Anyone who doesn't understand that, isn't a mother. The bond between mother and child is unlike anyother force upon the earth. It cannot be duplicated, recreated, or substituted. It just is. How exciting that you are about to enter this exciting and priviledged group of women. Hang in there. Next week will come quickly and you will finally be introduced to the two most important people in your life.

Beth said...

You guys are awesome for all that you have been through. I am always so impressed with you Abby and your positive attitude. Keep up that positive attitude and everything will turn out just fine. We are all very excited to meet these two little babies and pray that everything goes well for you and them. I haven't emailed you for awhile (sorry!!) but let me know if you need anything in the next couple of weeks.

The Katzbox said...

Eli, I'm gonna call you right now and smack you up with some lovin'...that's right boy...some LOVIN'...you heard me!!!!

Abby, there will always be people who create controversy where none exists...case in point-The Enquirer and any other tabloid...you are surrounded by family and friends who know your heart and understand the truth and conviction of what you and Eli have undertaken in getting these precious souls born safe and sound here on earth to begin their mortal journey. We have all been blessed to have had even a small part in this miraculous event. Everything else is chaff and should be blown away. You are loved honey...but you know that...

Emilia said...

Just point me in the right direction and I will be snapping in a Z formation at whomever is giving you grief, girl!

So excited for you to have a date, by the way!! Charlie and Olivia are officially on my calendar.

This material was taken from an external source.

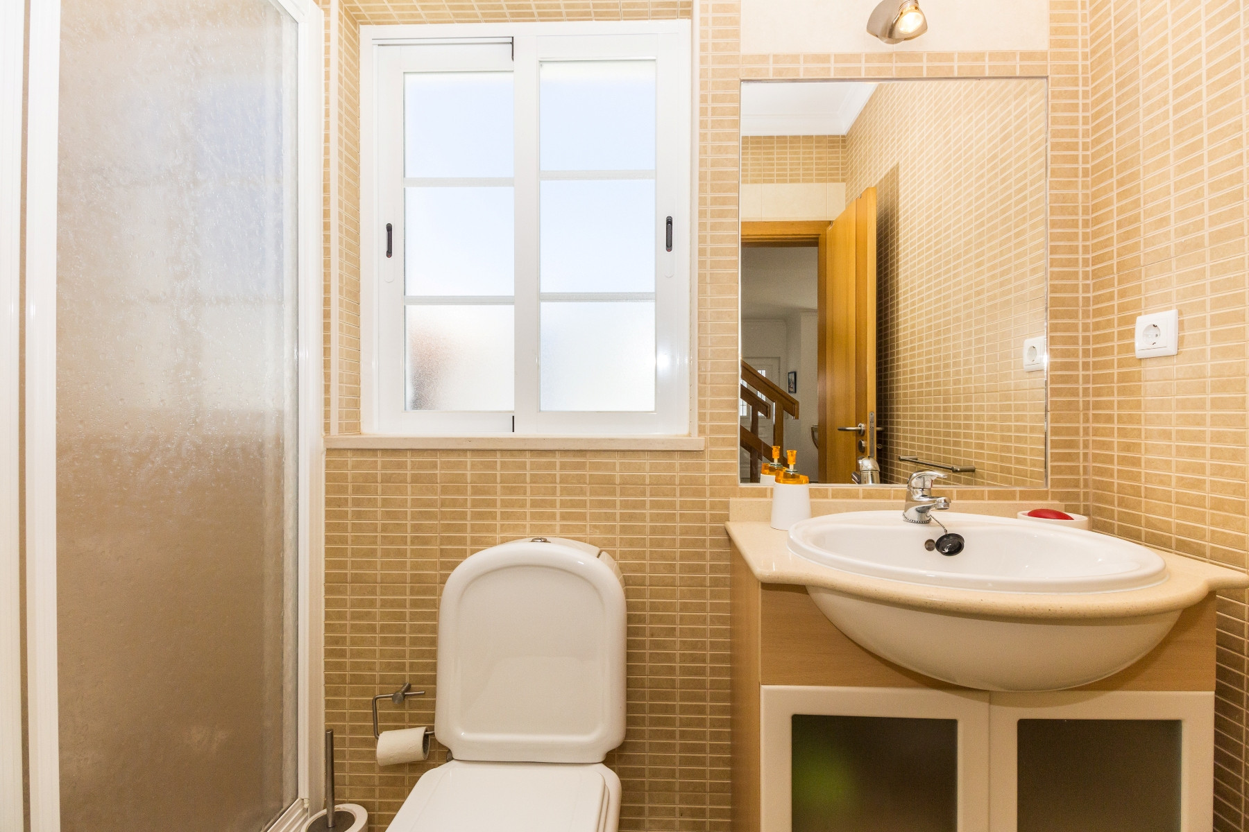 La vivienda aloja cómodamente hasta 8 personas, distribuidas en cuatro habitaciones: dos habitaciones con cama de matrimonio en la primera planta y dos habitaciones con dos camas individuales en el ático. Tres cuartos de baño completan el espacio: uno con ducha, uno con bañera y uno de servicio.

Love and hugs for you and da babies (and Eli,too.)

Anonymous said...

Emily, here's your AMEN!

Mandy said...

Abby, Leslie's friend Mandy here. I just wanted to wish you and the babies a safe delivery and speedy recovery. I'll be thinking about you this holiday season.

Brian said...

"The last thing a new mom needs is to feel that those around her think she is already screwing up." WORD UP, sister! I've said it before and I'll say it again, you two are already wonderful parents, wonderful friends and we love you so much. It's a shame that you've had to explain anything about anything... Oh and Eli, you're the dude. Make sure those NICU nurses show you the ins and outs of diapering b/c we've had some "unfortunate" diapering events in our house lately.

Kristy said...

Abby, anyone who knows you knows how much you have prayed and loved these babies from the start. We wish you and your family all the happiness you can stand and then some.

Anonymous said...

Hi Abby and Eli - we love you guys. I am so proud of both of you. I wish you guys nothing but the best. Can't wait to see those sweet little faces. We have your back no matter what. My son Parker just got out of the hospital for flu and dehydration, I was so grateful he was there and experts were taking care of him. It gave me such peace to know that he would be watched over and protected. Don't explain yourself to anyone. Love you.

Jessica said...

Eli and Abby, I think you guys are awesome. I love hearing about your experiences and I hope you don't stop blogging. Some people just don't think things through, and say incredibly stupid and hurtful things. Do they think that there isn't a real person on the other end of the blog? Anyway, hang in there. Many people are sending loving feelings and prayers in your direction. Eli, I think you are so awesome to stand up for your wife. Way to go!

tammy franks said...

God Bless your all's hearts.Good luck and don't listen to crazy people who want to give advice to parents who don't have a clue what they are talking about. My daughter was very sick at birth and no I didn't want het to stay there but she had to she also lost her sence of sucking and they had to almost re train her to do so,but what was cool was she didn't use a bottle very long at all.she wanted that sippy cup she wanted a straw.Funny how it works out.Alot of people want to tell you what to do. But you listen to you and hubby cause you 2 are the only ones who know!!!!I hope the Babies are well and YOU are too.Great christmas presents LOL love and understanding from a total stranger!!!!